Microcredit started with a simple financial product – the idea of group lending. Since then, much work on financial inclusion revolved around refining products. The field has made a lot of progress, but there is still much to do: structuring products that address poor people’s real needs, packaging them with rewards they value, reminders they find useful, and constraints that help them maintain discipline. Moreover, these products need to permit transactions that are sized and timed in a way that is consistent with their cash flows.
But better products mean nothing if they can’t be delivered to customers. The biggest challenge is how to offer products in a way that customers find relevant and convenient, reliably. Access costs on the customer side (in the form of trips to distant branches, long queues once there) or channel costs on the provider side (centered on the fixed costs of building, staffing and maintaining branches) often conspire to obliterate the economics of new products and hence dampen product innovation.

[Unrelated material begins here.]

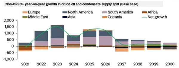 Rystad Energy между тем написал, что в целом для рынка нефти ключевое значение приобретают поставки стран non-OPEC. В базовом сценарии Rystad показывает, что к 2026 г. существенно увеличивается доля Южной Америки в поставках. Между тем, в 2027 г. предложение non-OPEC начинает сокращаться.

We need to think harder about delivery channels. The starting point is that cost is only one factor. Building strong relationships with customers – and using them effectively – has been essential to early microfinance models. To bring effective financial services to millions more poor households, providers need to continue developing a high level of intimacy with their customers. Those relationships help providers learn from customers and permit them to propose the right products at the right time.
We can learn, for example, from the “private banking for the poor” model of KGFS in India. KGFS’s strategy entails high-touch individualized service and product recommendations based on thoughtful analysis of livelihood sources and asset portfolio analysis. It may seem counter-intuitive to provide high-touch services for the poorest, but the KGFS premise is that private banking seems right for the very affluent (who have complex wealth management choices to make) as much as for the very poor (who have vital risk management choices to make). It’s the people like you and me in between who feel adequately served by helping ourselves from a menu of off-the-shelf banking products.
Building a high-touch channel reaching millions of poor people is an expensive proposition, involving steady investment in staff training. Making this idea work requires being strategic about where to spend resources. High-cost activities should be focused primarily on the highest value activities: acquiring new customers and proposing new products to existing customers.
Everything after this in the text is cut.